简体   繁体   English

如何在 Numpy 中创建带有掩码值的数组的直方图?

[英]How to create the histogram of an array with masked values, in Numpy?

In Numpy 1.4.1, what is the simplest or most efficient way of calculating the histogram of a masked array?在 Numpy 1.4.1 中,计算屏蔽数组直方图的最简单或最有效的方法是什么? numpy.histogram and pyplot.hist do count the masked elements, by default!默认情况下, numpy.histogrampyplot.hist会计算被屏蔽的元素!

The only simple solution I can think of right now involves creating a new array with the non-masked value:我现在能想到的唯一简单解决方案是创建一个具有非屏蔽值的新数组:

histogram(m_arr[~m_arr.mask])

This is not very efficient, though, as this unnecessarily creates a new array.但是,这不是很有效,因为这会不必要地创建一个新数组。 I'd be happy to read about better ideas!我很乐意阅读更好的想法!

(Undeleting this as per discussion above...) (根据上面的讨论取消删除它......)

I'm not sure whether or not the numpy developers would consider this a bug or expected behavior.我不确定 numpy 开发人员是否会认为这是一个错误或预期的行为。 I asked on the mailing list , so I guess we'll see what they say.在邮件列表上问过,所以我想我们会看看他们怎么说。

Either way, it's an easy fix.无论哪种方式,这都很容易解决。 Patching numpy/lib/function_base.py to use numpy.asanyarray rather than numpy.asarray on the inputs to the function will allow it to properly use masked arrays (or any other subclass of an ndarray) without creating a copy.修补numpy/lib/function_base.py以在函数的输入上使用numpy.asanyarray而不是numpy.asarray将允许它正确使用掩码数组(或 ndarray 的任何其他子类)而无需创建副本。

Edit: It seems like it is expected behavior.编辑:这似乎是预期的行为。 As discussed here : 正如这里所讨论的

If you want to ignore masked data it's just on extra function call如果你想忽略屏蔽数据,它只是额外的函数调用

histogram(m_arr.compressed())直方图(m_arr.compressed())

I don't think the fact that this makes an extra copy will be relevant, because I guess full masked array handling inside histogram will be a lot more expensive.我不认为这会产生额外的副本这一事实是相关的,因为我猜直方图中的全掩码数组处理会贵得多。

Using asanyarray would also allow matrices in and other subtypes that might not be handled correctly by the histogram calculations.使用 asanyarray 还允许使用直方图计算可能无法正确处理的矩阵和其他子类型。
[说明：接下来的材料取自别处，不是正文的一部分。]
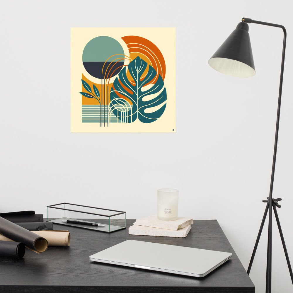 Abstract Monstera Leaves with Geometric Sun Shapes — Poster

For anything else besides dropping masked observations, it would be necessary to figure out what the masked array definition of a histogram is, as Bruce pointed out.正如布鲁斯指出的那样,除了丢弃屏蔽观察之外的任何其他事情,有必要弄清楚直方图的屏蔽数组定义是什么。

尝试hist(m_arr.compressed())

This is a super old question, but these days I just use:这是一个非常古老的问题,但这些天我只使用:

numpy.histogram(m_arr, bins=.., range=.., density=False, weights=m_arr_mask)

Where m_arr_mask is an array with the same shape as m_arr, consisting of 0 values for elements of m_arr to be excluded from the histogram and 1 values for elements that are to be included.其中 m_arr_mask 是一个与 m_arr 形状相同的数组,由要从直方图中排除的 m_arr 元素的 0 个值和要包括的元素的 1 个值组成。

After running into casting issues by trying Erik's solution (see https://github.com/numpy/numpy/issues/16616 ), I decided to write a numba function to achieve this behavior.通过尝试 Erik 的解决方案(请参阅https://github.com/numpy/numpy/issues/16616 )遇到转换问题后,我决定编写一个 numba 函数来实现此行为。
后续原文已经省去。